Around us is nothing but thick green leaves, shoots like bamboo with fountains of brown cob hairs spouting from all sides. A hush, hardly the jeers are heard through the green. The weight of the towel and pushing with my arms through the stalks makes me shake with weakness. I drop the towel between her and I, and it makes a soft oof. Part of the towel slides away, reveals a clump of black and brown. Clara hands me the plank again and says, “Dig.”
So I stick the plank into the moist, dark ground and churned a pile of soil loose between corn stalks. Ears of corn shake above us as I roll the towel into the shallow hole. I am the only one to kick dirt over the towel. A small glimpse of dirty cloth can still be seen through the hole when I finish. I gaze at the dirt pile nestled between two rows of stalks. Clara looks up into the blue sky, lets out a short breath through her nose.
“It’s hot. We should get some water,” Clara decides. She takes my hand in hers again, a mother holding a small child. We head back the way we came.

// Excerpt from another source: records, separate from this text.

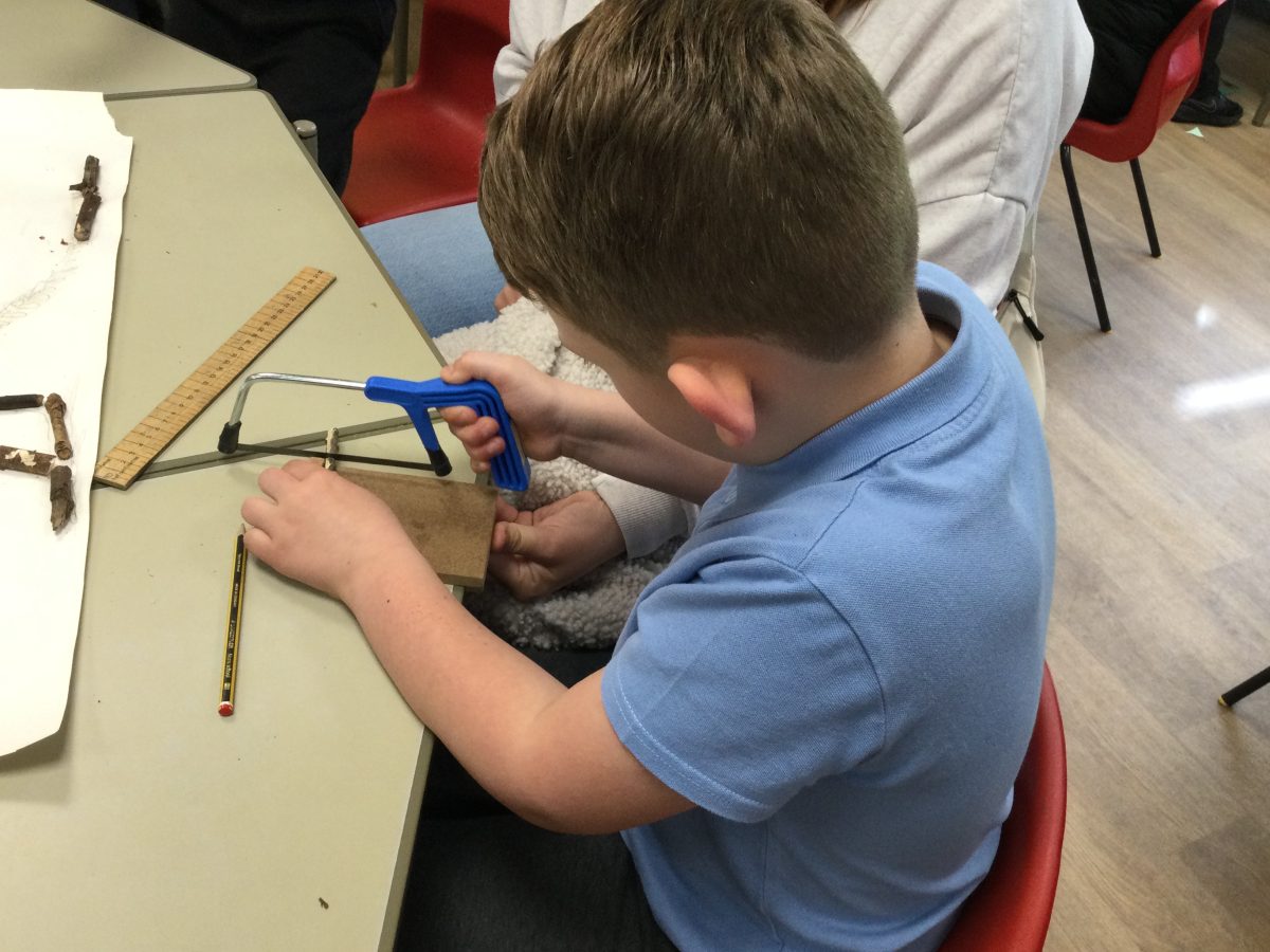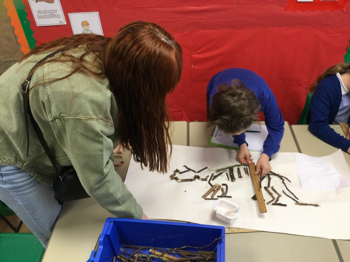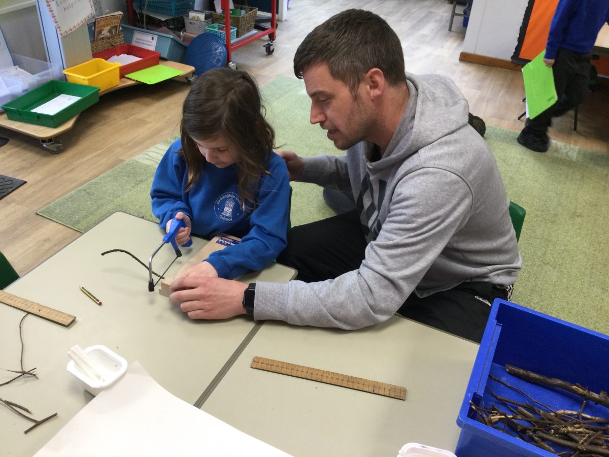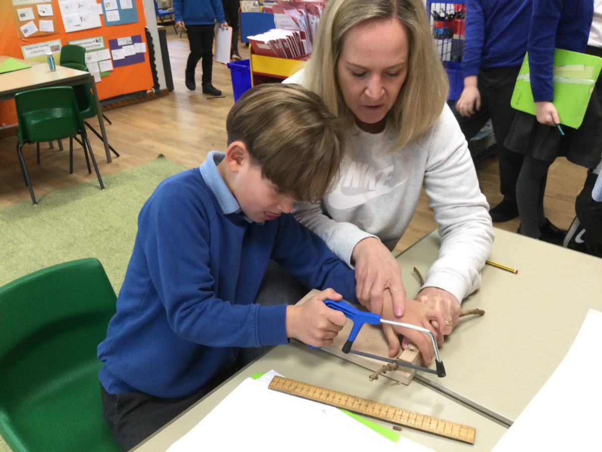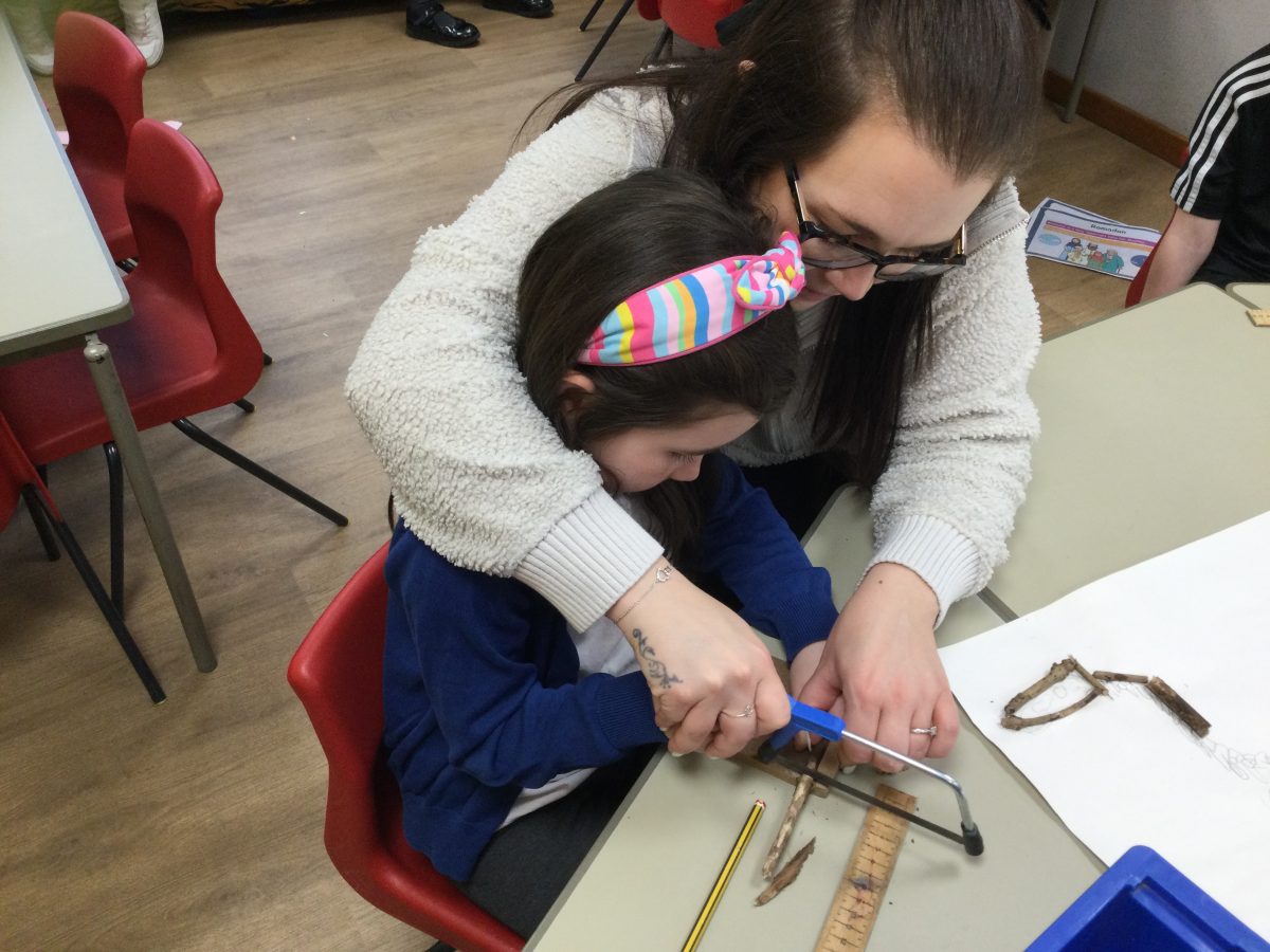 Family members came into school to find out about the maths learning that happens in Year 2. Then the children and grown-ups measured a bone in cm from the drawings that had been created. They marked that measurement on a stick. With support from adults, the children used the new skill of sawing to make their stick the correct length to match the bone.
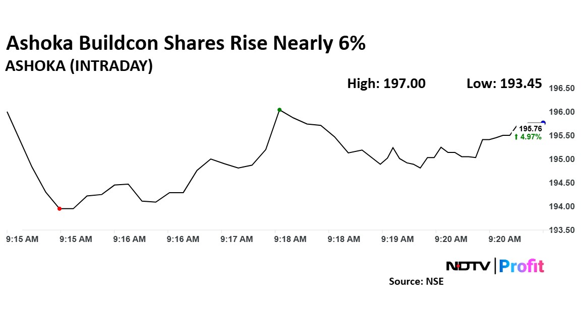 The shares of Ashoka Buildcon rose as much as 5.64% to Rs 197 apiece, the highest level since April 4. It pared gains to trade 4.82% lower at Rs 195.44 apiece, as of 9:19 a.m. This compares to a 2% advance in the NSE Nifty 50 Index.
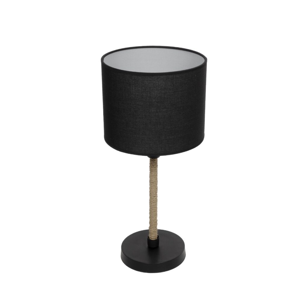 GloboStar® BRONX 201-0062 Μοντέρνο Επιτραπέζιο Φωτιστικό Μονόφωτο 1 x E27 IP20 Μαύρο Ύφασμα, Μπεζ Σχοινί με Μαύρο Μέταλλο – Μ24 x Π24 x Υ37cm
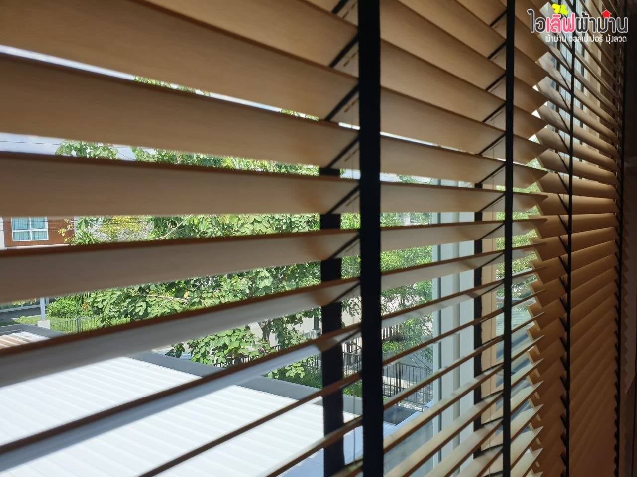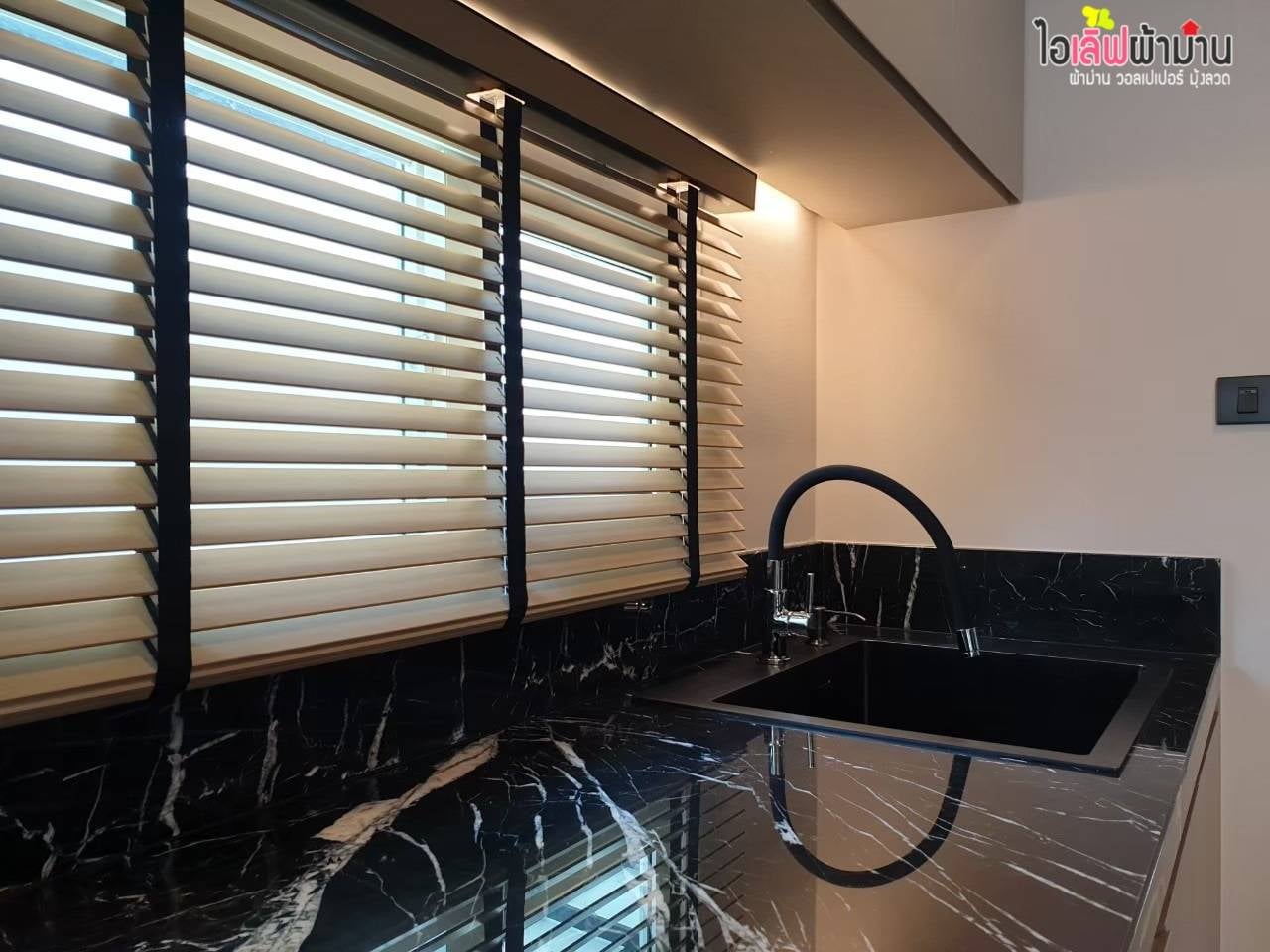มู่ลี่ไม้ เทปผ้าสีดำ ระบบโซ่วน ห้องด้านหน้า ห้องนั่งเล่น และห้องทำงาน
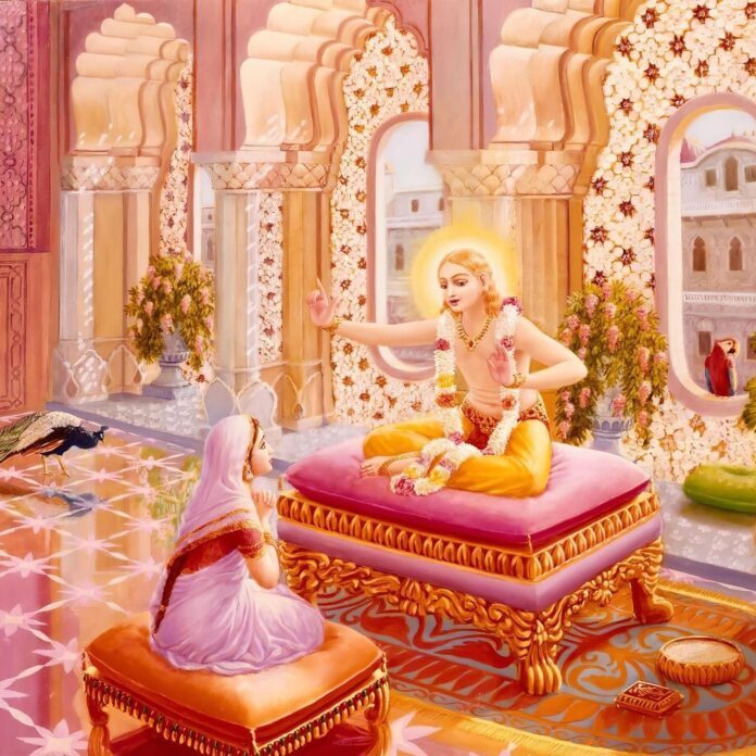 Devahūti inquired: My dear Lord, You have already very scientifically described the symptoms of the total material nature and the characteristics of the spirit according to the Sāṅkhya system of philosophy. Now I shall re quest You to explain the path of devotional ser vice, which is the ultimate end of all philosoph ical systems (1-2).Devahūti continued: My dear Lord, please also describe in detail, both for me and for people in general, the continual process of birth and death, for by hearing of such calamities we may become detached from the activities of this material world (3).
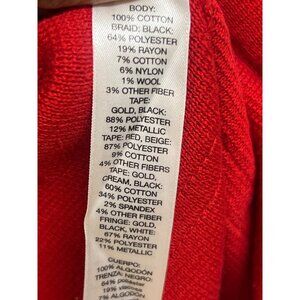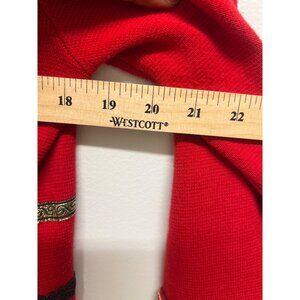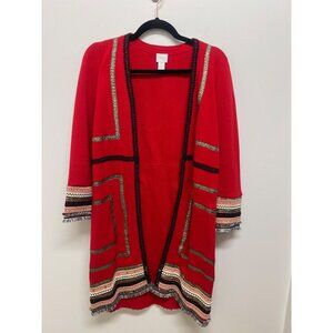 Chicos Reba Womens Red Cardigan With Tribal Embroidered Trim & Open Front
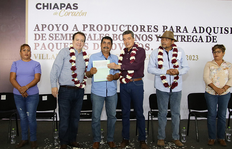 “Con el ejemplo del presi­dente Andrés Manuel López Obrador, en Chiapas seguimos haciendo justicia social y ga­rantizando una mejor calidad de vida a la gente, mediante el fortalecimiento de la gana­dería, una de las actividades productivas más importan­tes, porque no sólo garantiza la alimentación, sino que ge­nera empleos para la gente. Por ello, me siento contento de constatar los apoyos perma­nentes que recibe el pueblo de Villaflores, desde fertilizantes, semillas mejoradas, insumos para el campo, apoyos para la ganadería, aves de corral y de traspatio”, apuntó.
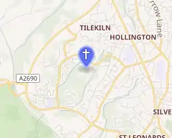 The parish of St Leonard includes a second Anglican church—the modern St Anne's Church on Chambers Road (at 50.8723°N 0.5434°E). This was built over several years from 1956 by the Brighton-based firm Denman & Sons to serve the rapidly expanding council estate west of the Battle Road.[31] The approximate boundaries of the parish are Battle Road, between the borough boundary in the north and Hollington Old Lane; the residential streets between Hollington and neighbouring Silverhill; the railway line between West St Leonards and Crowhurst railway stations (including some of the rural land west of it); and Breadsell Lane.[32]
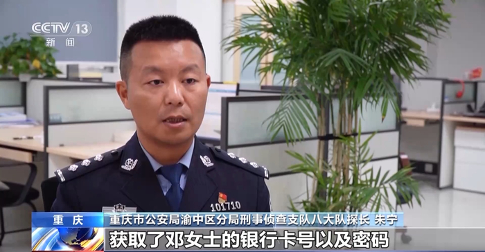 重庆市公安局渝中区分局刑事侦查支队八大队探长 朱宁:邓女士按照诈骗分子的要求,下载手机软件并打开了屏幕共享,诈骗分子就获取了邓女士的银行卡号以及密码,还有验证码。
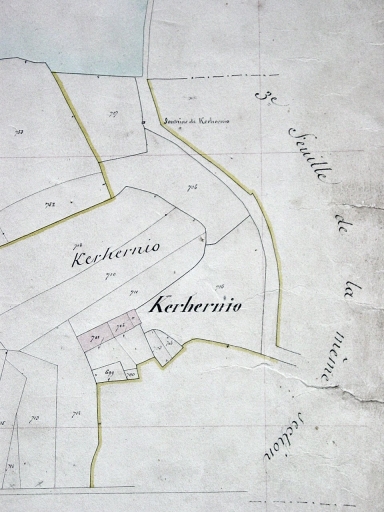 La ferme de Kerhernio figurée sur les plans cadastraux de 1811 et 1845 n'existe plus. Cet écart est constitué d'habitations construites en bordure de la D 9 à compter de la fin du 19e siècle, mais surtout dans les années 1920-1930. Ce sont en majorité des maisons modestes de familles de pêcheurs. La construction de la conserverie Le Douarin est achevée en 1939, juste avant la seconde guerre mondiale. Elle fonctionne jusqu'au début des années 1980 sous l'appellation : Les Délices de Saint-Cado (fig.10).
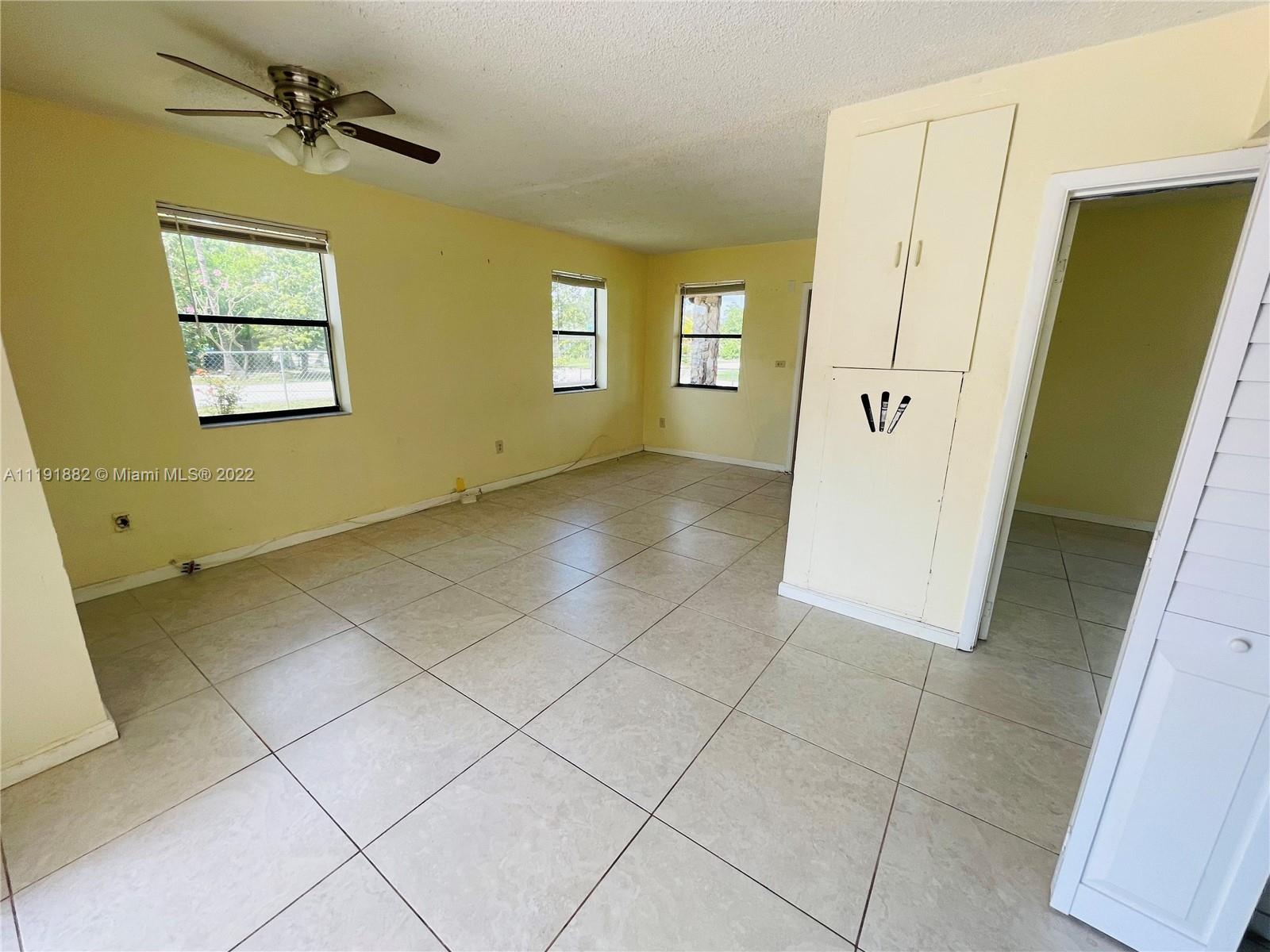 Perfect first time home or investment property on the huge lot.Move in into a beautiful 2 bedroom 1 bath with a huge backyard located in the Pompano Beach Area. Updated bath, kitchen, stainless steel and ceramic tiles throughout the house. This home also includes extra storage in the outdoor shed and a fenced-in backyard. Plenty room in the property for addition/pool in the backyard. Great investment opportunity close to Walmart, Pompano Citi Centre Shopping and several eateries.
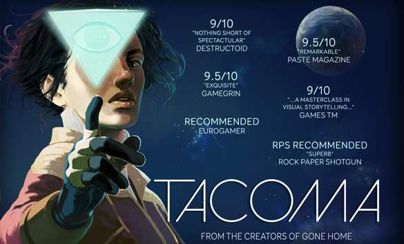 Tacoma is the next game from the creators of Gone Home, and carries on that tradition of detailed, immersive, and powerful storytelling, while pulling players deeper into the narrative than ever before.
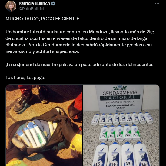 Gendarmería informó el pasado 2 de octubre la detención de un hombre que, supuestamente, traficaba cocaína. La captura, según el comunicado que llegó a los medios de comunicación, había sido en un colectivo que viajaba de Mendoza hacia Buenos Aires. Incluso la ministra replicó el anuncio desde sus redes sociales.
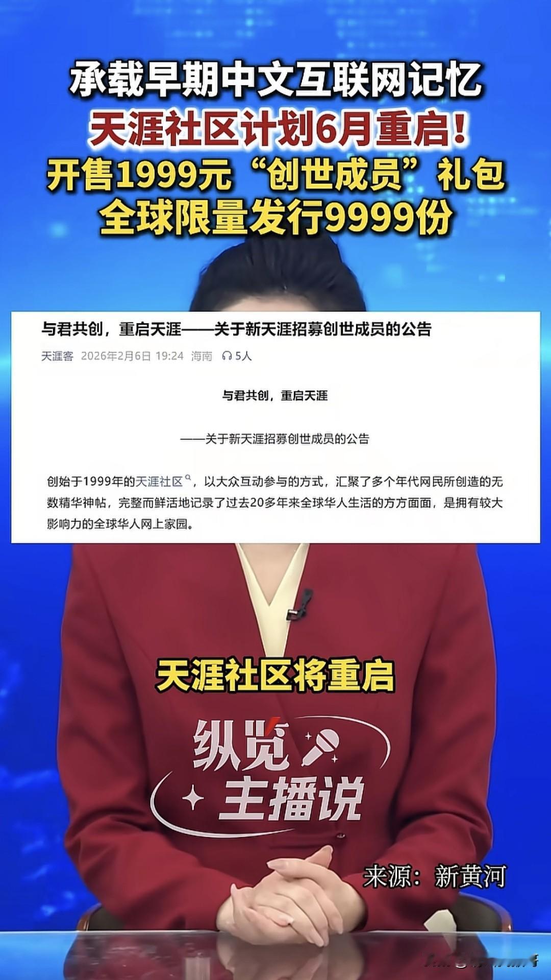 网上传来天涯社区重启的消息,这个承载了早期互联网记忆的论坛,早期口碑是相当好的,但对此很多人都有疑问。首先论坛重启后以前的数据还在吗?其次是论坛是否还能恢复往日“百花齐放、百家争鸣”的盛景,最后就是这个1999元的“创世会员”礼包,还没开放就预售,给人的感觉就是普通会员很多权限会被限制,这样的模式是否有利于论坛的良性发展。还是让我们拭目以待吧!

Clara doesn’t look back at the pile, but I do. I watch the pile disappear into the fortress of the corn. We emerge from the green and find the railroad is empty and silent. A burst of claps comes from the ballfield.
As we cut through the tree line, parents gather left-over snacks and blankets. A rumbling is heard in the distance that fills my hollow cavity, then a long metal screech tears through the air. No one pays attention to the oncoming train blurting its horn three times when it passes the field, as trains always do without a care or a notice to the tracks, the trees, the cornfields that contain more than nature reveals. I am the only one who looks back toward the trees waving their branches good-bye with the gust of train wind. I watch little green flags of Kentucky blue grass wave to the train, signaling for it to stop, to look for everything lost to the field, or to the soft brown dirt that easily hides a secret. I hear an owl hoot quietly. Night is near.
I wake up, breathe. No longer on Main Street, USA but hundreds of miles away. I move to my window and watch the wind moving through wheat fields. I swear I can see ghost cats slinking through the stalks, moaning the same moan as passing trains. I sit and watch a sliver of the moon as white as a cat eye, watching me from the sky.